The Miami Marlins had an ugly series versus the San Diego Padres over the weekend, during which they sent their three best pitchers to the mound and were thoroughly thumped by a supposedly poor Padres offense. Part of the problem was Jose Fernandez, who suffered through a bad start in which he gave up two home runs and six runs in five innings of work.
One of the reasons (if not the only one) for Fernandez's struggles is that he had a problem with his health prior to the game.

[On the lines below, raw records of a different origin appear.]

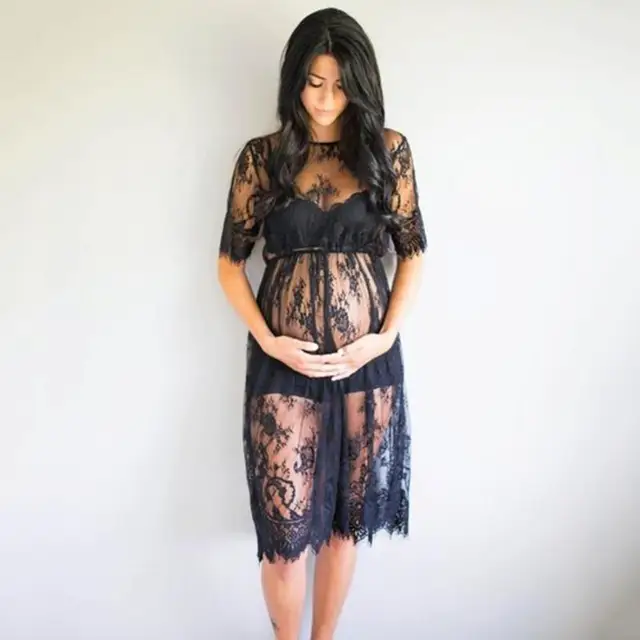 Pregnant Women Eyelash Lace Short Sleeve Photography Props Maternity
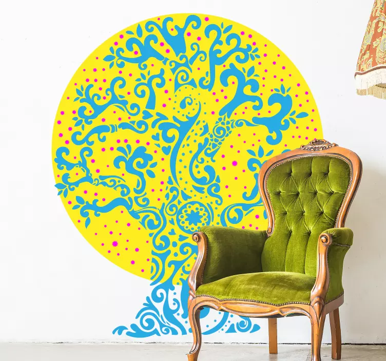 A Színes díszes fa természet matrica egy lenyűgöző művészeti alkotás, amely a természet szépségét hozza el otthonába. A design kör alakú elemekből áll, amelyek színes pontokban és szerves formákban jelennek meg. Ez a termék tökéletesen tükrözi az életet és a természet varázsát, így bármilyen környezetbe illeszkedik.
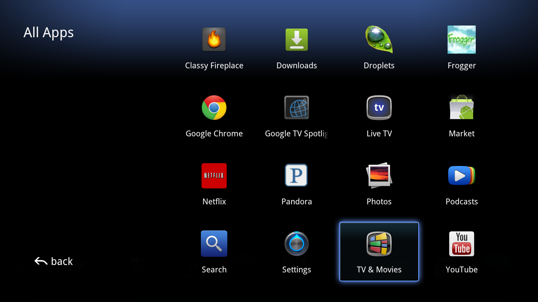 Android Market was missing from the product since launch and is part of the latest update. The Market will only feature Android apps that can actually work on a TV and do not require specific hardware like a touchscreen. 30 apps out of the 800 launching will be featured including CNBC, Fox News Business, Zillow, and Aol HD — so, you know, apps you probably won’t use. Mario indicated to me that HTML 5 Google TV apps are not segregated from standard Android apps since to the user, they’re still apps. Smart.

Clark Spencer of the Miami Herald reports that Fernandez was vomiting before his Friday start.
Fernandez said he felt bad throwing his warmup pitches in the bullpen after having his normal pre-game steak and threw up in a dugout garbage can during the first inning when the Marlins were at the plate.
"It's not an excuse," said Fernandez, who gave up six runs, including a pair of homers, in Friday's 10-1 loss. "It probably was something I ate, but I don't want it to be related with (how I pitched). In the first inning I was feeling kind of shaky. But by the second and third, I was feeling, all right, back at it again."
Fernandez apparently has a nice steak dinner prior to his starts and then heads on out, but began feeling symptoms before the game and even felt a bit woozy during his first inning on the mound. But as he tells it, the illness was not affecting him after the first inning.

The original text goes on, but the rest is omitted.